Start by preheating your sous vide bath to 130ºF. While it’s heating up, generously season the tri tip steak on both sides using garlic, crushed red pepper flakes, salt, and pepper. Make sure to rub the seasonings in well to ensure every bite is flavorful.
Next, vacuum-seal the seasoned tri tip in a flat layer. This ensures even cooking. Once sealed, gently place the bag in the preheated sous vide bath and let it cook for two hours. During this time, you can prepare the cilantro sauce.
For the sauce, heat olive oil in a pan over medium heat. Add the minced garlic and sauté for about 30 to 60 seconds. Stir regularly until the garlic becomes translucent, but be careful not to let it turn brown, as this can alter the flavor.

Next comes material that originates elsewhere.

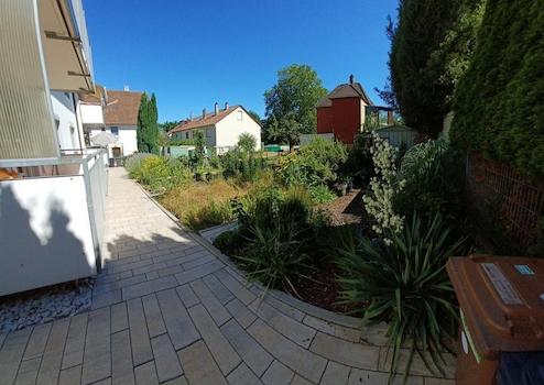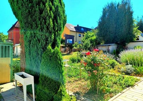 Eigener Kellerraum, großer Bühnen-/Dachbodenbereich sowie kleine, der Wohnung zugeordnete Gartenparzelle (rechte Seite mit Sitzbank) bieten viel zusätzlichen Stauraum und Aufenthaltsqualität im Freien.

Once the garlic is ready, remove the pan from heat. In a blender, combine sour cream, cilantro, the roasted garlic-infused olive oil, lime zest, lime juice, and a pinch of salt. Blend for about 10 to 20 seconds until the mixture is smooth. Chill in the fridge until it’s time to serve.
When the two hours are up, prepare an ice bath in a large bowl by combining ice and cold water. Carefully remove the tri tip from the sous vide and shock it in the ice bath for 5 to 10 minutes. This helps stop the cooking process and ensures the meat retains its juiciness.
Once chilled, take the tri tip out of the bag and pat it dry with paper towels. This step is crucial for achieving a good sear.
Now, decide on your finishing method. If you prefer a sear, heat a large cast iron skillet to medium-high and add a bit of olive oil. Sear one side of the tri tip for about 30 to 60 seconds, turning regularly to develop a beautiful brown crust.
If grilling is your choice, brush the exterior of the tri tip with olive oil and preheat your grill to high heat, around 500 degrees. Once hot, place the tri tip on the grill. Grill with the cover closed, until grill marks appear. Flip and repeat for both sides, ensuring even cooking and those gorgeous criss-cross marks.
After finishing, transfer the tri tip to a cutting board and let it rest for at least 10 minutes. This resting period allows the juices to redistribute, resulting in a more succulent steak.
Finally, slice the tri tip against the grain into thick slices and serve it with the refreshing cilantro sauce. Enjoy this gourmet experience right in your dining room!